Interactive Capacity Estimator
Slide DAU, requests per user, payload size and read/write ratio and watch QPS, storage per year, bandwidth, shard count and cache memory recompute live — every number with the formula behind it. The napkin math interviewers expect, made interactive.
How it works
- Average QPS = DAU × requests/user ÷ 86,400 seconds in a day.
- Peak QPS = average QPS × your peak-to-average factor.
- Storage/year = write QPS × bytes/write × ~31.5M seconds × replication.
- Shard count ≈ total storage ÷ capacity per node (rounded up).
Frequently asked questions
What is back-of-the-envelope estimation in system design?
It is the quick capacity math you do early in a system-design interview to size a system: turning daily active users and per-user activity into queries per second, then into storage, bandwidth, and the number of servers, shards and cache nodes you will need. The goal is the right order of magnitude, not a precise number.
How do you calculate QPS from daily active users?
Average QPS = (DAU × requests per user per day) ÷ 86,400 seconds. Because traffic is bursty, you multiply by a peak factor (often 2–3×) to get peak QPS, which is what you actually provision for. This tool does both for you as you move the sliders.

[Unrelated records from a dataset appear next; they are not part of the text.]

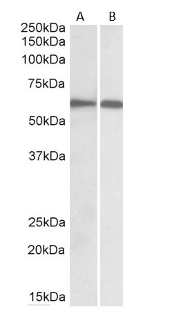 Western blot: 30 µg of Human spleen (A) and peripheral blood lymphocytes (B) lysates (in RIPA buffer) stained with ARG63227 anti-IRF5 antibody at 1 µg/ml dilution and incubated at RT for 1 hour.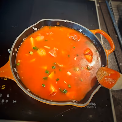 - Stir in the carrot, and after 1-2 minutes, add the potatoes, tomato puree, and water.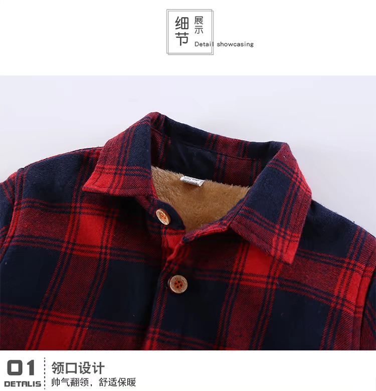 Áo sơ mi bé trai tay dài cộng với nhung 2018 cho bé mùa thu đông mới bé sơ mi kẻ sọc dày quần áo trẻ em thủy triều shop quần áo trẻ em đẹp Áo sơ mi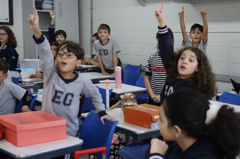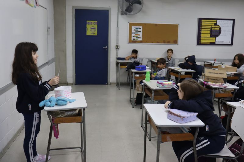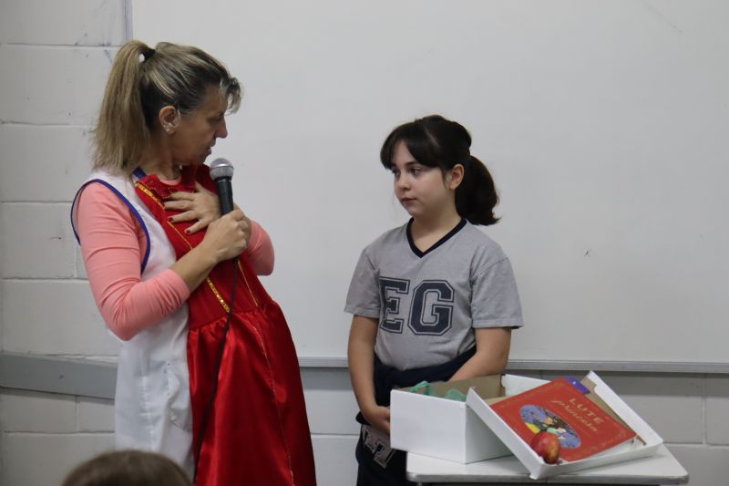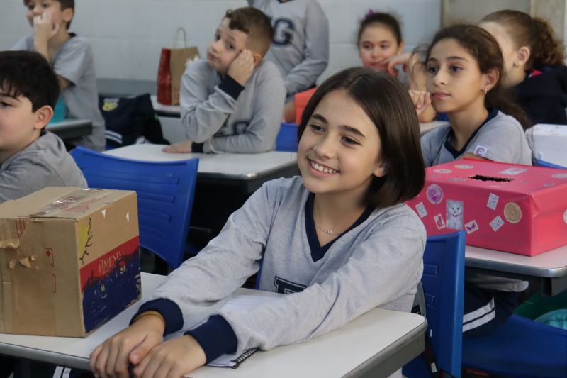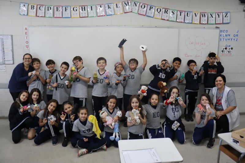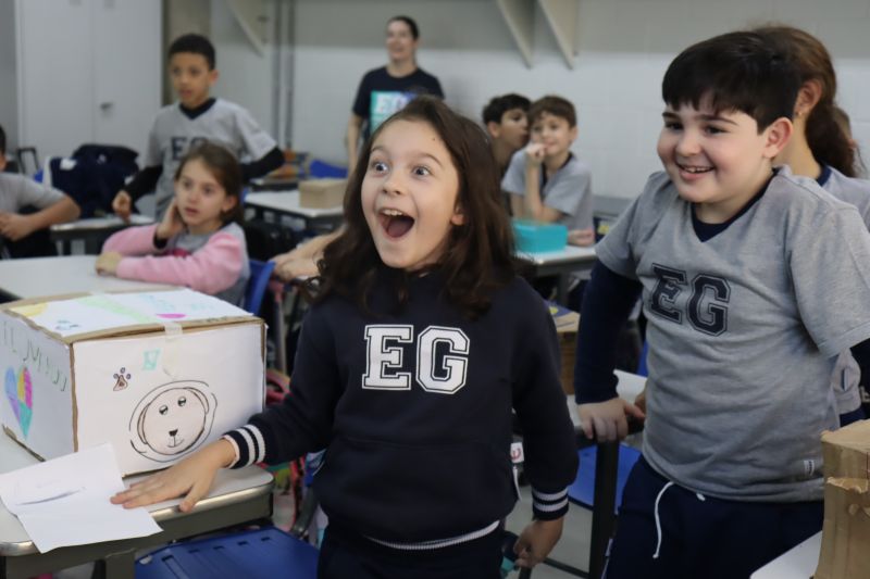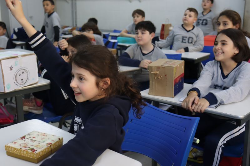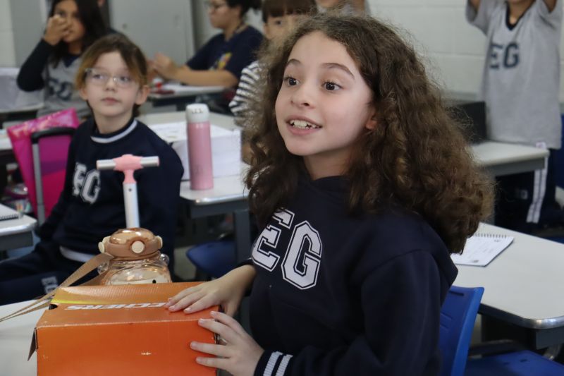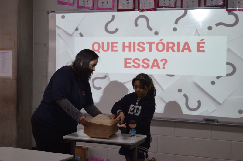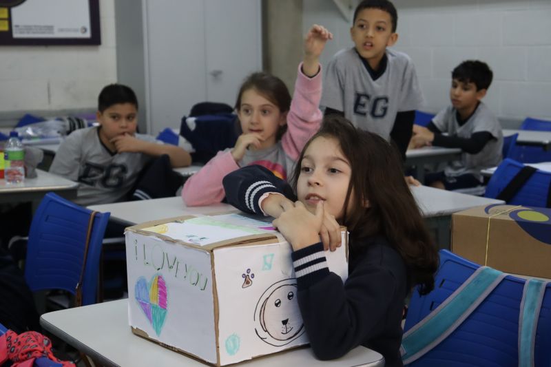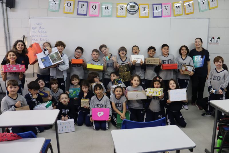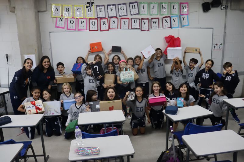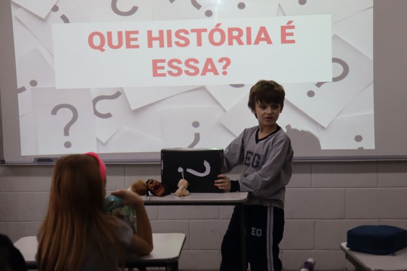Os estudantes do 3º ano EF realizaram a apresentação de uma atividade do Projeto Roda de Leitura, a partir de uma caixa surpresa, sob orientação das Prof.as Aparecida, Gina, Letícia, Paula e Tatiana.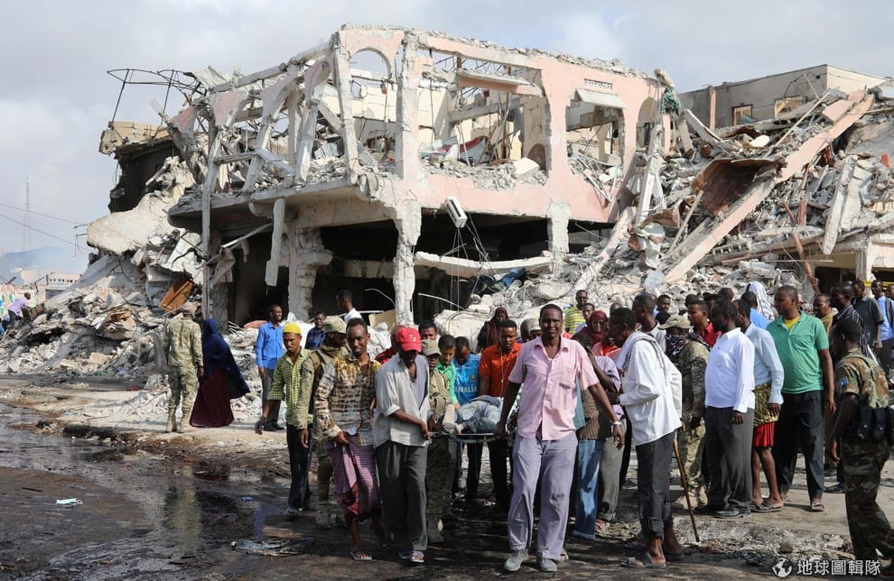 在一片廢墟中,民眾和救難人員抬著從瓦礫堆挖出的一具具遺體,這裡是遭到卡車炸彈攻擊的索馬利亞首都摩加迪休。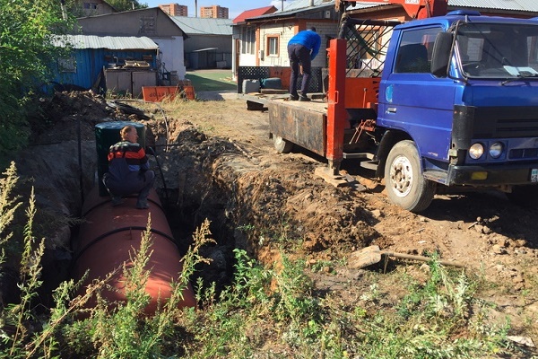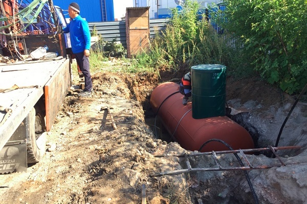 Após a fixação do tanque, ele é revestido com um lubrificante especial que protege o metal da corrosão. O próximo estágio é o dispositivo de proteção ânodo-cátodo. Depois disso, eles colocam o gasoduto, enchem o poço e o poço com o solo.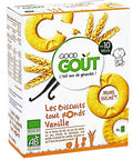 Introducing Good Goût's Organic All Round Vanilla Biscuits for tots 10+ months. These biscuits are crafted from 64% organic wheat flour and sweetened with 24.5% organic grape juice concentrate, ensuring a wholesome, natural treat for your young one. Every bite delivers the comforting aroma of 0.5% organic vanilla extracts, while 10.5% organic sunflower oil ensures a smooth, melt-in-the-mouth texture. Baked with a pinch of raising agent and fortified with Thiamin (Vitamin B1), these biscuits are not just delicious but also nutritious.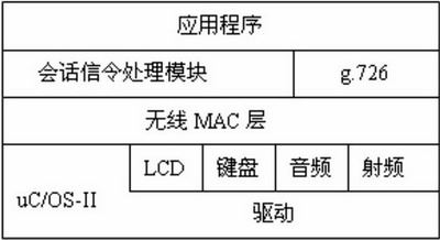 操作系統(tǒng)之上是無線MAC層,該模塊針對語音無線傳輸?shù)奶攸c簡化實現(xiàn)了IEEE 802.15.4 協(xié)議MAC層功能。第三層為語音壓縮編解碼g.726模塊和無線網(wǎng)內(nèi)部會話信令處理模塊。會話信令處理模塊負(fù)責(zé)處理來自無線語音網(wǎng)關(guān)的會話信令。最上層為應(yīng)用層,實現(xiàn)用戶界面和通話過程控制。無線手持設(shè)備總統(tǒng)框架如圖6所示。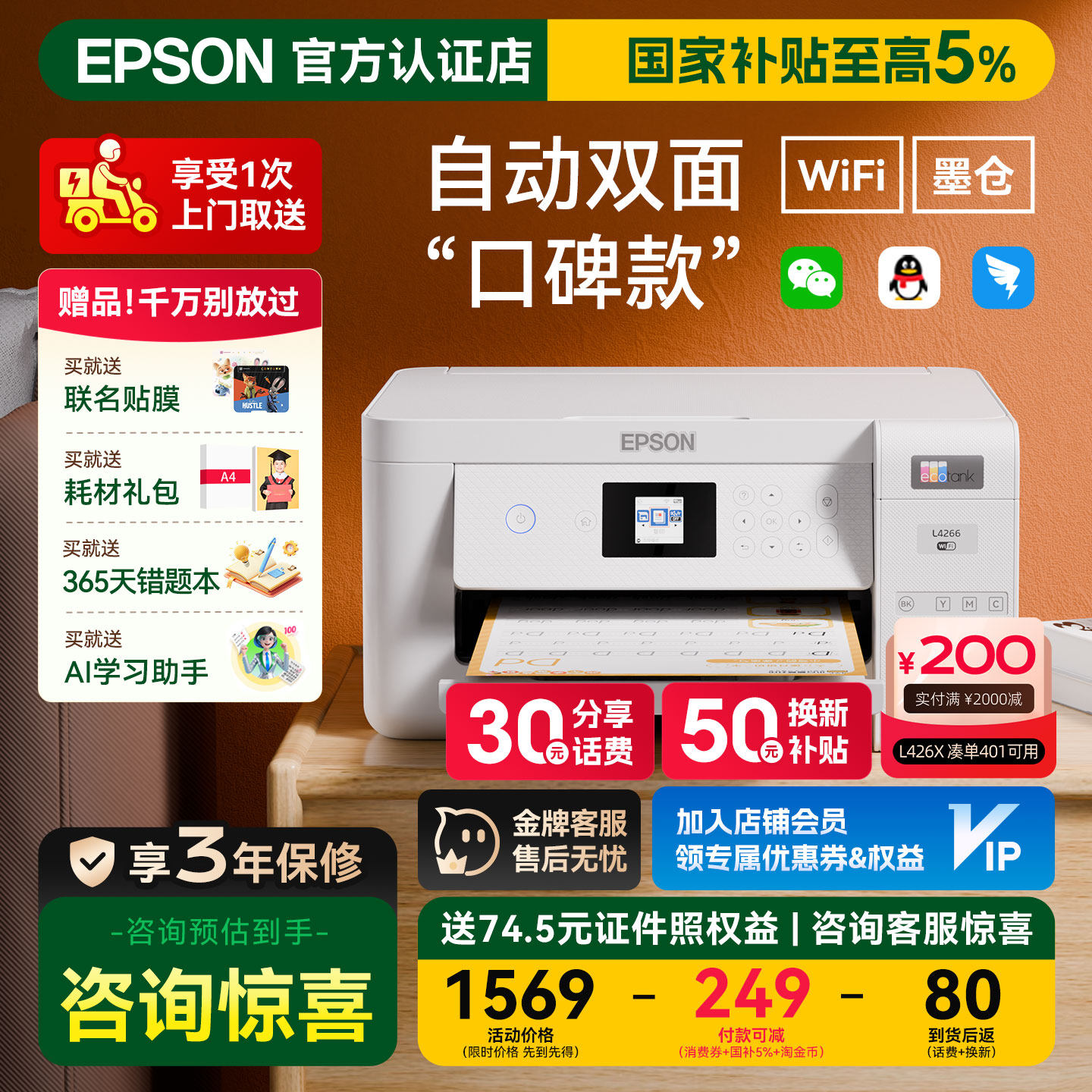 【政府补贴】爱普生墨仓式打印机自动双面家用小型L4266/4268/4263彩色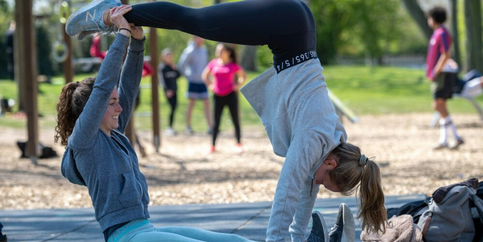 Köln – Eine Joggerin in T-Shirt und kurzer Hose wird langsamer, als sie am Trimm-Parcours im Inneren Grüngürtel entlangläuft, bis sie ganz anhält. Der Air-Walker ist eines der wenigen freien Geräte, sie steigt auf die freischwebenden Metallplatten, und pendelt mit ihren Beinen in der Luft hin und her. Ihr gegenüber hängt ein junger Mann an Ringen, auf dem Trampolin springen zwei Kinder umher und auf dem Fitnessboden macht ein Jugendlicher Liegestütze.
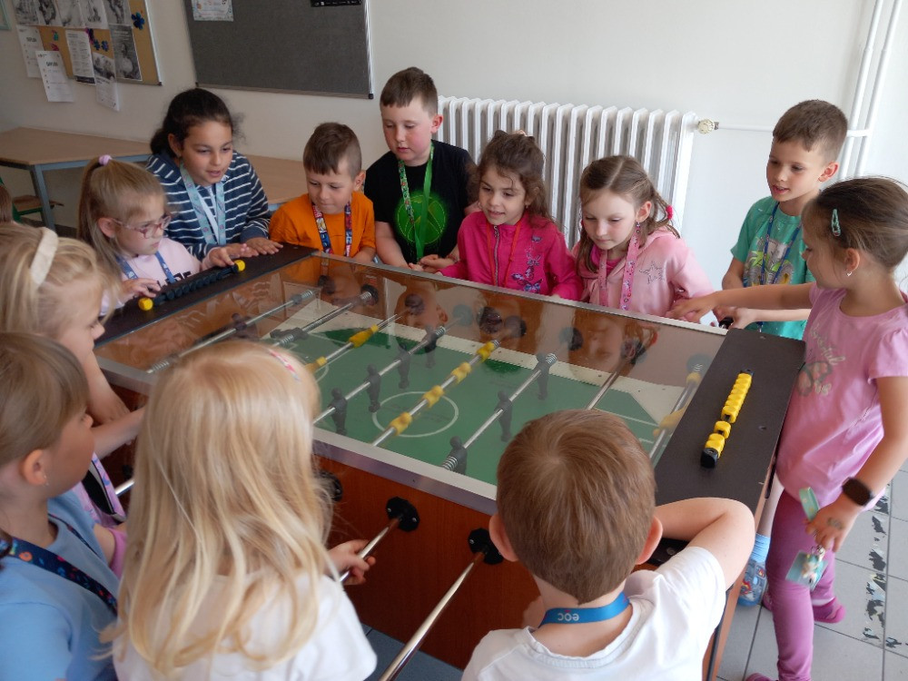 Nedávno jsme se setkali s tím, že mohlo dojít ke zneužití fotografie jednoho našeho spolužáka. Proto jsme si povídali o kyberšikaně. Co to je, jak jí předcházet, komu se svěřit, pokud bychom se ocitli v nějaké podobné situaci. Jsme sice teprve žáky 1. ročníku, ale někteří z nás mají mobilní telefony, také přístup k sociálním sítím, jako je TikTok, Instagram apod. Paní vychovatelka objevila na nástěnce na budově Benešova pěkně zpracované téma o kyberšikaně od starších žáků, proto jsme využili ředitelského volna a vydali se po obědě na malou exkurzi. Někteří jsme tu byli poprvé. Překvapili nás velké chodby, stolní fotbálek a stůl na pin-pong. Samozřejmě jsme si přečetli informace o kyberšikaně, živě jsme diskutovali na toto téma. V dalším patře nás zaujala nástěnka se zajímavostmi o planetě Zemi. Také jsme se zastavili u velkého plakátu na chodbě a pověděli jsme si něco o ekologii. Proč je třeba přírodu chránit, pečovat o ni, třídit odpad. Potom jsme si prošli některé třídy, líbilo se nám v učebně fyziky a dokonce jsme si trochu odpočinuli na vacích :-)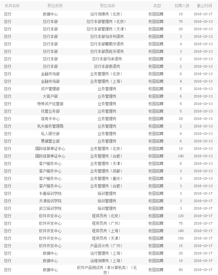 2.报名时间:9月28日-10月13日(其中软件开发中心,数据中心,长春、天津、武汉培训学院岗位报名时间为9月28日-10月17日)。
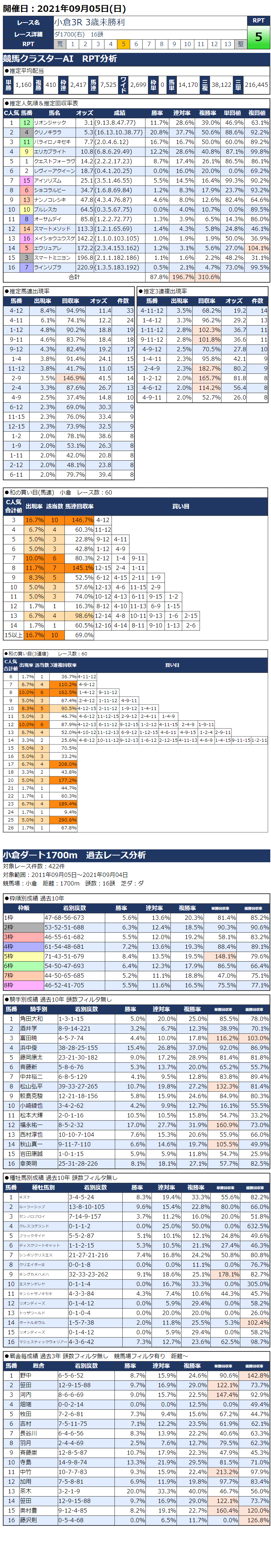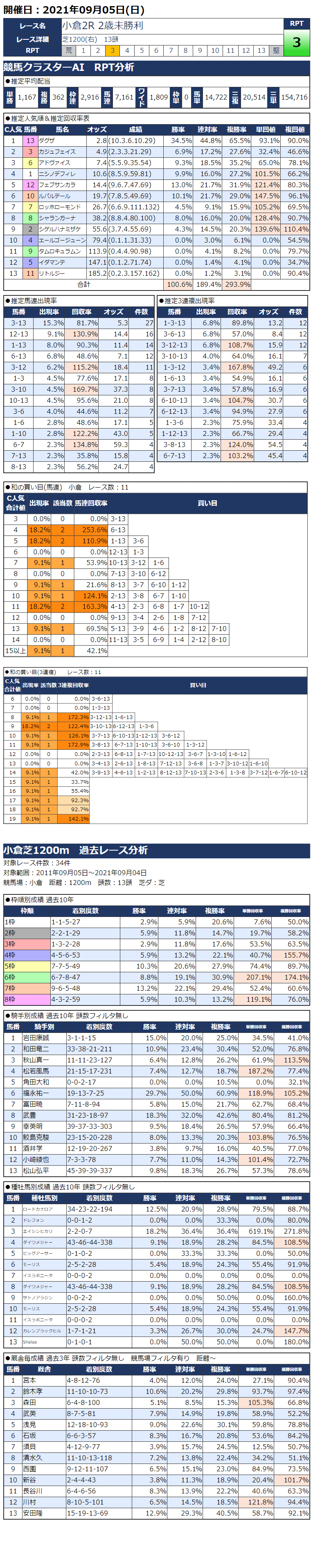 9/5(日)小倉競馬『KC新聞』全12レース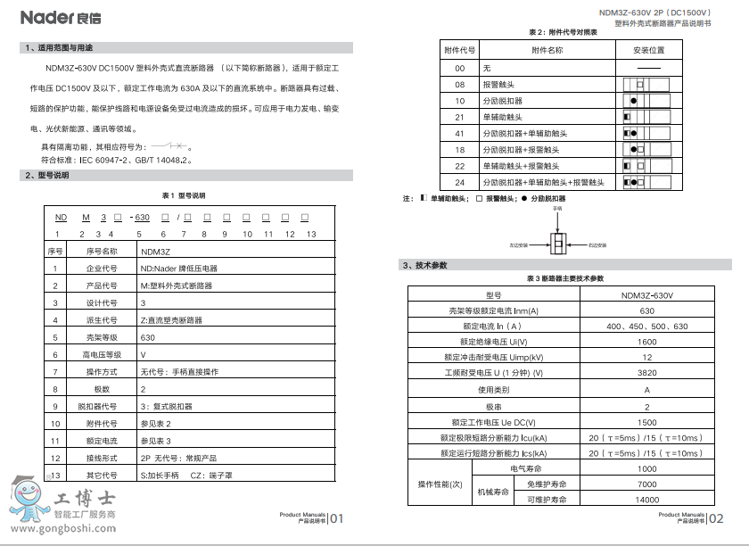 良信塑料外殼式斷路器 NDM3Z-630V 2P(DC1500V) |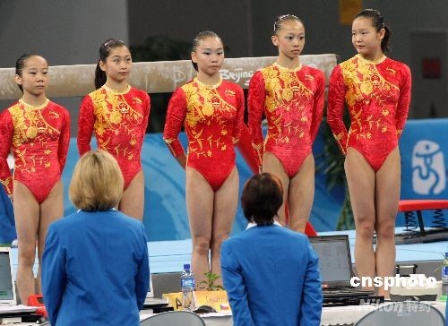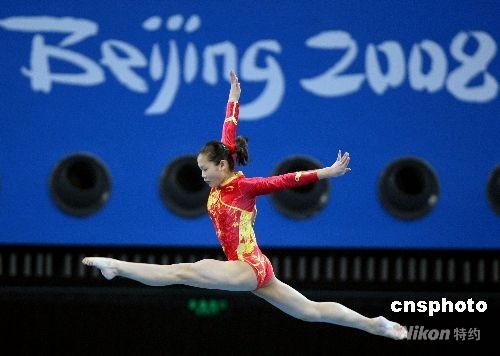 8月10日上午,北京奧運(yùn)會女子體操團(tuán)體資格賽在北京奧林匹克公園內(nèi)的國家體育館舉行,由世界冠軍程菲領(lǐng)銜的中國隊由平衡木比賽開始向團(tuán)體冠軍沖擊。中新社發(fā) 任晨鳴 攝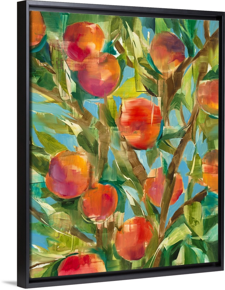 Art Art by Decor Style Transitional Kitchen Wall Art Mid-Century Kitchen Contemporary Art Plants and Flowers Florals Leaves Food Fruit Peach Liz Jardine Painting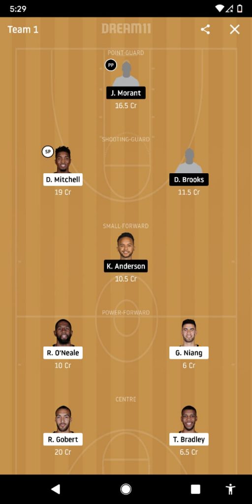 Morant, Mitchell, Brooks, Anderson, Royce, Niang, Gobert, Bradley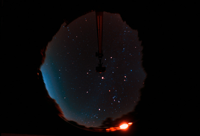 These two images represent tracked and untracked exposures with the new enlarger stand All Sky Camera. The first image was taken by placing the assembly on top of the optical tube assembly of my 12.5 inch Newtonian pointed at the zenith, and exposing for 15 minutes. A 50mm f/2.8 lens was used. This image has north up, and has been mirror reversed to appear as the true sky would. Kodak E200 slide film was used, and scanned with a Nikon Coolscan LS2000 slide scanner. The glow of Payson is to the left, and the neighbors porch light at bottom.

Why multiply by a peak factor?
Traffic is never evenly spread across the day — there are busy hours and quiet hours. If you size only for the average you will fall over at peak. A peak-to-average factor of roughly 2–3× is a common starting assumption; raise it for spiky workloads like ticket on-sales.
How is yearly storage estimated?
Storage per year = writes per second × bytes per write × seconds per year (≈ 31.5 million). Multiply by your replication factor for the real footprint on disk, since each write is stored on multiple replicas for durability.